_Data for analysis:_

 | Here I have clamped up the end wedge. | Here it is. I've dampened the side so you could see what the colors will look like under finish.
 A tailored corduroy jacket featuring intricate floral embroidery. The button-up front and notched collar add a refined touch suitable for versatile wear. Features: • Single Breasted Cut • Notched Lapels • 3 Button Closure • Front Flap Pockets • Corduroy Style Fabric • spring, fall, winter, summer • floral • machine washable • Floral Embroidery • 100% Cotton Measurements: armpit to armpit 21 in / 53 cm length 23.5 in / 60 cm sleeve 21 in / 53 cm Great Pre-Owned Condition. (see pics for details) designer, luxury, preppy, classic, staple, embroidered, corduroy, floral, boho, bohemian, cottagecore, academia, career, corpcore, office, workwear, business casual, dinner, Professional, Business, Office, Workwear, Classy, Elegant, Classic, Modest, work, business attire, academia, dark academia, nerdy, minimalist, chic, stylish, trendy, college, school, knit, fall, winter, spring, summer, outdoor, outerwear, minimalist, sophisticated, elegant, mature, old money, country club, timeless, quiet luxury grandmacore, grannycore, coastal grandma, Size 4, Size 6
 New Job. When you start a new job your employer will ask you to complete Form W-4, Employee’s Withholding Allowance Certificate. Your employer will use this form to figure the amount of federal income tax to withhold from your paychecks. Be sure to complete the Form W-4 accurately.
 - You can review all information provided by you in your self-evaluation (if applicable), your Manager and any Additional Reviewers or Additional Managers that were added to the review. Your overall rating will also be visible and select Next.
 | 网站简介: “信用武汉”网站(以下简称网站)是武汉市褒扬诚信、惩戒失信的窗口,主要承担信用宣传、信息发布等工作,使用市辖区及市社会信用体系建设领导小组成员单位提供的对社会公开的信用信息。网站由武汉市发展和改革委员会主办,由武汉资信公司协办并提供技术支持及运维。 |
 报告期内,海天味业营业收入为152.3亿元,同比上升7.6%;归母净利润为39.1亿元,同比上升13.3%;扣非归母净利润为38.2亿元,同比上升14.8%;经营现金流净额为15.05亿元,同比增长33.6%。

_Your assignment:_ Including any blank lines, repeat the data exactly.

_Answer for the task:_
 | Here I have clamped up the end wedge. | Here it is. I've dampened the side so you could see what the colors will look like under finish.
 A tailored corduroy jacket featuring intricate floral embroidery. The button-up front and notched collar add a refined touch suitable for versatile wear. Features: • Single Breasted Cut • Notched Lapels • 3 Button Closure • Front Flap Pockets • Corduroy Style Fabric • spring, fall, winter, summer • floral • machine washable • Floral Embroidery • 100% Cotton Measurements: armpit to armpit 21 in / 53 cm length 23.5 in / 60 cm sleeve 21 in / 53 cm Great Pre-Owned Condition. (see pics for details) designer, luxury, preppy, classic, staple, embroidered, corduroy, floral, boho, bohemian, cottagecore, academia, career, corpcore, office, workwear, business casual, dinner, Professional, Business, Office, Workwear, Classy, Elegant, Classic, Modest, work, business attire, academia, dark academia, nerdy, minimalist, chic, stylish, trendy, college, school, knit, fall, winter, spring, summer, outdoor, outerwear, minimalist, sophisticated, elegant, mature, old money, country club, timeless, quiet luxury grandmacore, grannycore, coastal grandma, Size 4, Size 6
 New Job. When you start a new job your employer will ask you to complete Form W-4, Employee’s Withholding Allowance Certificate. Your employer will use this form to figure the amount of federal income tax to withhold from your paychecks. Be sure to complete the Form W-4 accurately.
 - You can review all information provided by you in your self-evaluation (if applicable), your Manager and any Additional Reviewers or Additional Managers that were added to the review. Your overall rating will also be visible and select Next.
 | 网站简介: “信用武汉”网站(以下简称网站)是武汉市褒扬诚信、惩戒失信的窗口,主要承担信用宣传、信息发布等工作,使用市辖区及市社会信用体系建设领导小组成员单位提供的对社会公开的信用信息。网站由武汉市发展和改革委员会主办,由武汉资信公司协办并提供技术支持及运维。 |
 报告期内,海天味业营业收入为152.3亿元,同比上升7.6%;归母净利润为39.1亿元,同比上升13.3%;扣非归母净利润为38.2亿元,同比上升14.8%;经营现金流净额为15.05亿元,同比增长33.6%。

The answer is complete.